Liu Zichun, Huang Liusheng, Xu Hongli, Yang Wei
School of Computer Science and Technology, University of Science and Technology of China, Hefei 230026, China.
Entropy (Basel). 2023 Jan 9;25(1):130. doi: 10.3390/e25010130.
Graph data are widely collected and exploited by organizations, providing convenient services from policy formation and market decisions to medical care and social interactions. Yet, recent exposures of private data abuses have caused huge financial and reputational costs to both organizations and their users, enabling designing efficient privacy protection mechanisms a top priority. Local differential privacy (LDP) is an emerging privacy preservation standard and has been studied in various fields, including graph data aggregation. However, existing research studies of graph aggregation with LDP mainly provide single edge privacy for pure graph, leaving heterogeneous graph data aggregation with stronger privacy as an open challenge. In this paper, we take a step toward simultaneously collecting mixed attributed graph data while retaining intrinsic associations, with stronger local differential privacy protecting more than single edge. Specifically, we first propose a moderate granularity attributewise local differential privacy (ALDP) and formulate the problem of aggregating mixed attributed graph data as collecting two statistics under ALDP. Then we provide mechanisms to privately collect these statistics. For the categorical-attributed graph, we devise a utility-improved PrivAG mechanism, which randomizes and aggregates subsets of attribute and degree vectors. For heterogeneous graph, we present an adaptive binning scheme (ABS) to dynamically segment and simultaneously collect mixed attributed data, and extend the prior mechanism to a generalized PrivHG mechanism based on it. Finally, we practically optimize the utility of the mechanisms by reducing the computation costs and estimation errors. The effectiveness and efficiency of the mechanisms are validated through extensive experiments, and better performance is shown compared with the state-of-the-art mechanisms.

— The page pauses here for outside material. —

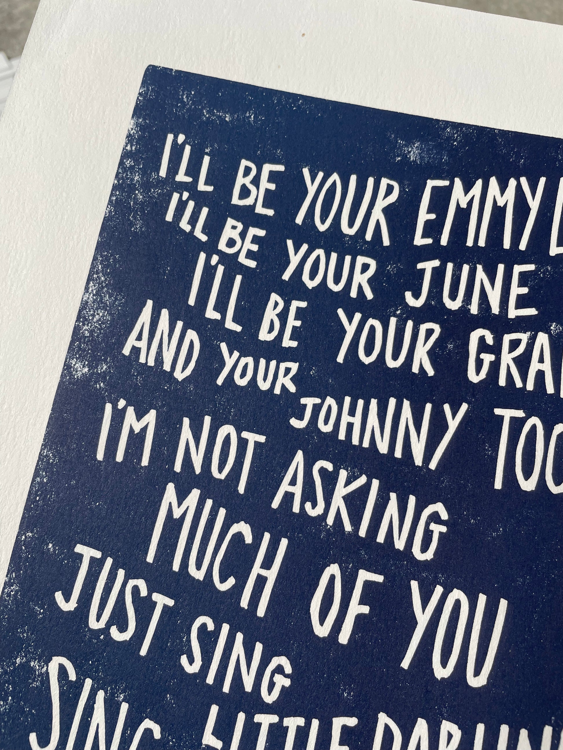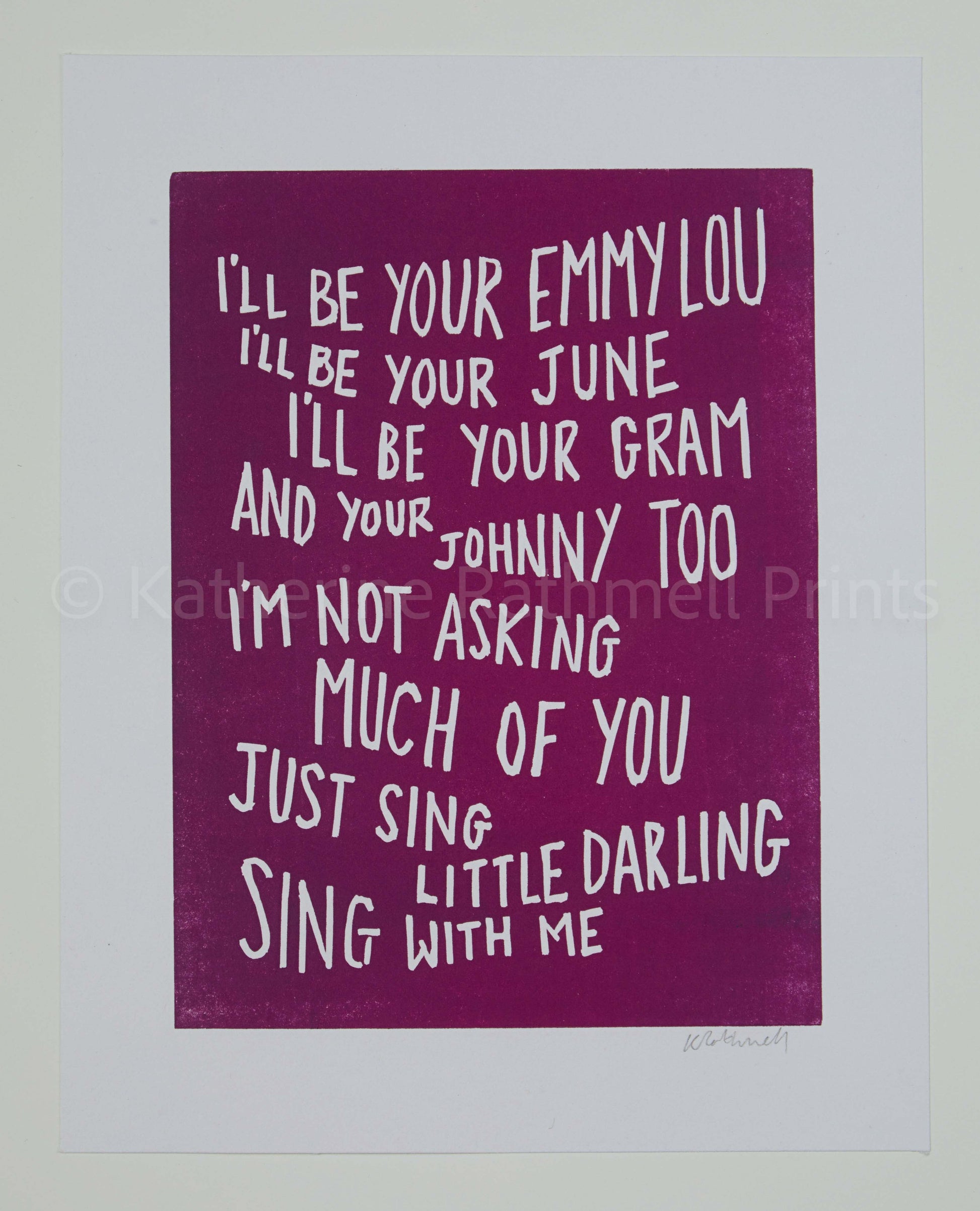 This is a hand pulled linocut of lyrics from First Aid Kit song ‘Emmylou’, one of my favourites!

图形数据被组织广泛收集和利用,为从政策制定、市场决策到医疗保健和社交互动等提供便捷服务。然而,最近私人数据滥用事件的曝光给组织及其用户带来了巨大的财务和声誉损失,使得设计高效的隐私保护机制成为当务之急。局部差分隐私(LDP)是一种新兴的隐私保护标准,已在包括图形数据聚合在内的各个领域得到研究。然而,现有的关于使用LDP进行图形聚合的研究主要为纯图形提供单边隐私,将具有更强隐私保护的异构图形数据聚合作为一个开放挑战。在本文中,我们朝着同时收集混合属性图形数据迈出了一步,同时保留内在关联,并使用更强的局部差分隐私保护多个边而不仅仅是单边。具体而言,我们首先提出一种适度粒度的逐属性局部差分隐私(ALDP),并将混合属性图形数据的聚合问题表述为在ALDP下收集两个统计量。然后我们提供私下收集这些统计量的机制。对于分类属性图形,我们设计了一种效用改进的PrivAG机制,该机制对属性和度向量的子集进行随机化和聚合。对于异构图形,我们提出一种自适应分箱方案(ABS)来动态分割并同时收集混合属性数据,并在此基础上将先前的机制扩展为广义的PrivHG机制。最后,我们通过降低计算成本和估计误差来实际优化这些机制的效用。通过广泛的实验验证了这些机制的有效性和效率,并且与现有最先进的机制相比表现出更好的性能。